Scientific classification
- Kingdom: Animalia
- Phylum: Chordata
- Class: Reptilia
- Order: Squamata
- Suborder: Serpentes
- Family: Colubridae
- Genus: Tropidonophis
- Species: T. mairii
- Binomial name: Tropidonophis mairii (Gray, 1841)
- Synonyms: Tropidonotus mairii Gray, 1841; Natrix mairii — Worrell, 1946; Amphiesma mairii — Cogger & Lindner, 1974; Styporhynchus mairii — Cogger, 1983; Tropidonophis mairii — Malnate & Underwood, 1988;

= Tropidonophis mairii =

- Genus: Tropidonophis
- Species: mairii
- Authority: (Gray, 1841)
- Conservation status: LC
- Synonyms: Tropidonotus mairii , Gray, 1841, Natrix mairii , — Worrell, 1946, Amphiesma mairii , — Cogger & Lindner, 1974, Styporhynchus mairii , — Cogger, 1983, Tropidonophis mairii , — Malnate & Underwood, 1988

Species of snake

Tropidonophis mairii, also known commonly as Mair's keelback, the common keelback, and the freshwater snake, is a species of colubrid snake in the subfamily Natricinae. The species is native to Australasia.

==Etymology==
The specific name, mairii, is in honor of "Dr. Mair", an army surgeon with the 39th Regiment of Foot, who collected the holotype.

==Geographic range==
Tropidonophis mairii is found in Australia, Indonesia, New Guinea, and Papua New Guinea.

==Habitat==
The preferred natural habitats of Tropidonophis mairii are forest, grassland, and freshwater wetlands, at altitudes from sea level to 50 m.

==Description==
Dorsally, Tropidonophis mairii is olive, brown, or blackish, with small black spots, or with black crossbars anteriorly. Ventrally, it is lighter. The subcaudals and often also the ventrals are edged with black. The dorsal scales are strongly keeled, and arranged in 15 rows at midbody.
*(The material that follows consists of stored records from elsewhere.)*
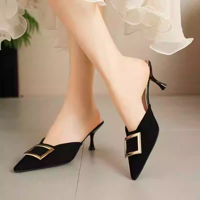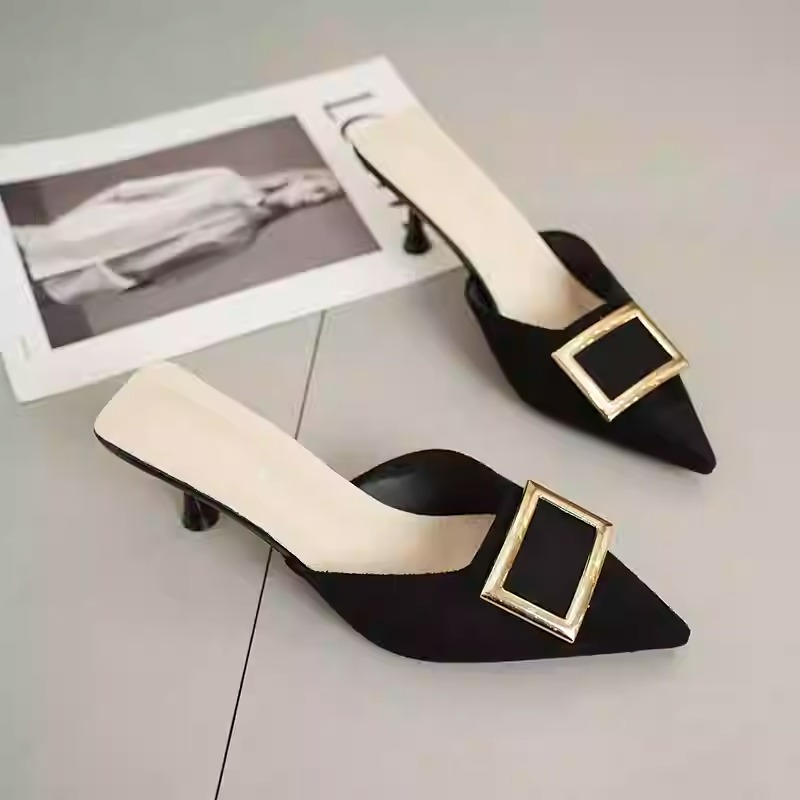 Be the first to review “Women’s summer mules with square buckle, suede, pointed toe, mid-heel, stiletto heel, low-cut, low-cut.”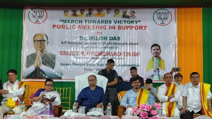 হাইলাকান্দিত বিজেপিৰ শক্তি প্ৰদৰ্শন: মণিপুৰৰ মুখ্যমন্ত্ৰীৰ উপস্থিতিত মিলন দাসৰ সমৰ্থনত বিশাল জনসভা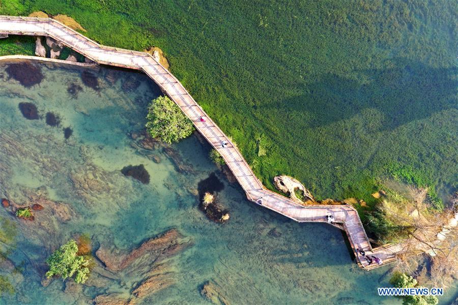 Tourists have fun at scenic spot in Nanlong Town, NW China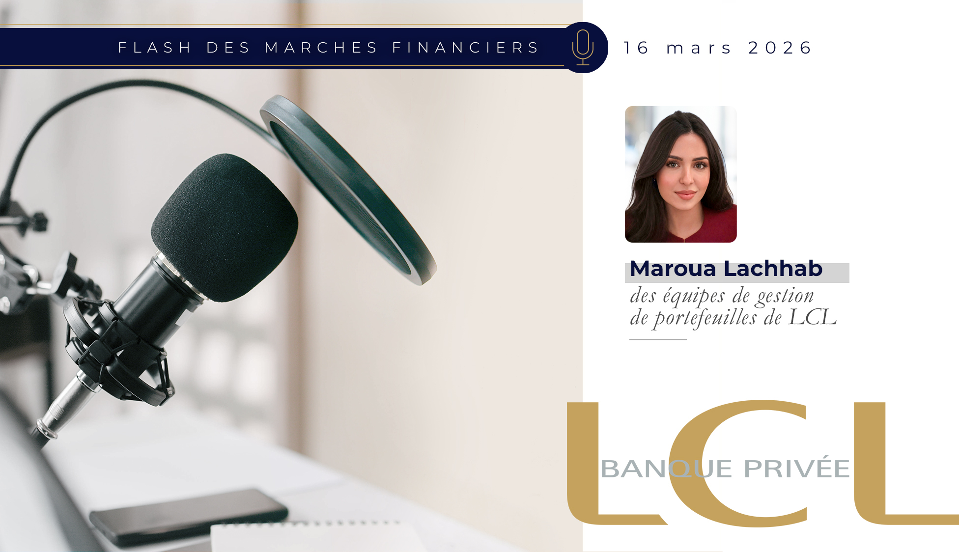 Les équipes de Gestion de portefeuilles de LCL présentent le Flash des Marchés Financiers du 16 mars 2026.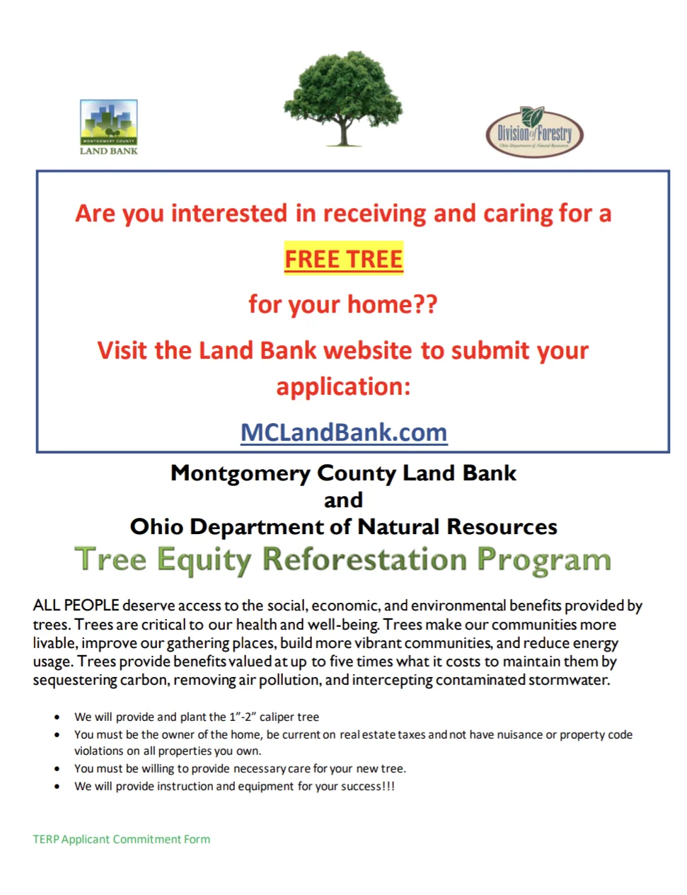 - ODNR and Montgomery County Land Bank will provide and plant the 1″ – 2″ caliper tree, and provide individuals with the instruction and equipment for success!!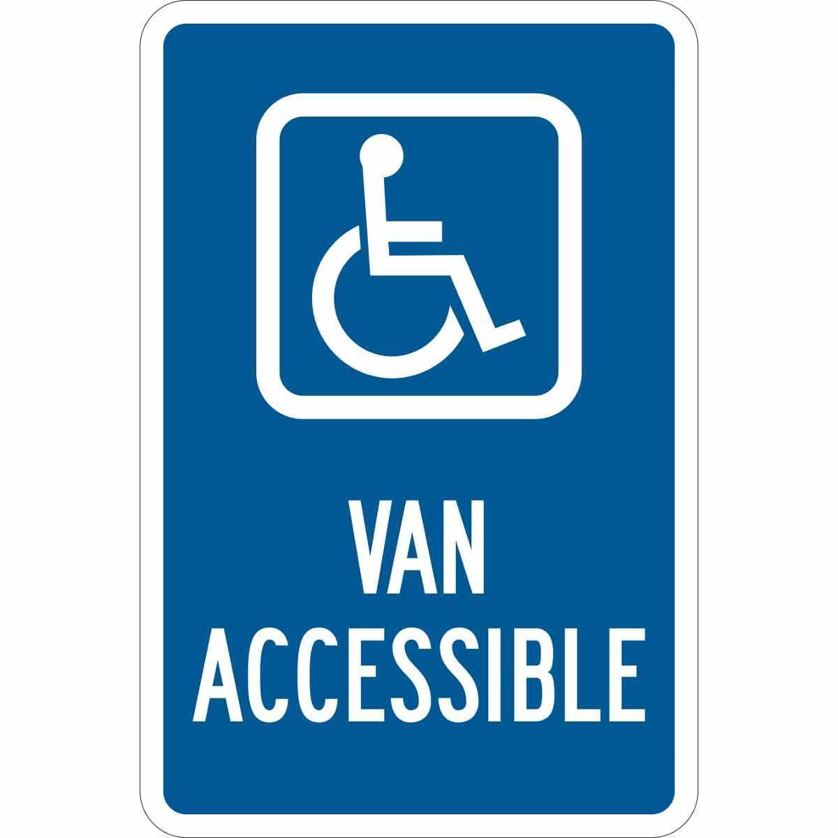- Height:18 inLegend:VAN ACCESSIBLELegend Style:Symbol/TextLegend/Background Color:White on BlueMaterial:B-555 AluminumMounting Type:Corner Hole, Corner Holes, FastenedType:RectangularWidth:12 in

It resembles the Australian venomous rough-scaled snake (Tropidechis carinatus).

T. mairii rarely grows over 1 m in total length (tail included).

==Behavior==
Tropidonophis mairii is diurnal and nocturnal, arboreal, semi-aquatic, and terrestrial.

==Diet==
Mair's keelback preys mainly on frogs, but also eats small fishes, lizards, and mammals. It is one of the few Australian snakes that can eat cane toads (Rhinella marina), up to a certain size, without being harmed.

==Reproduction==
T. mairii is oviparous. Clutch size is 3–18 eggs.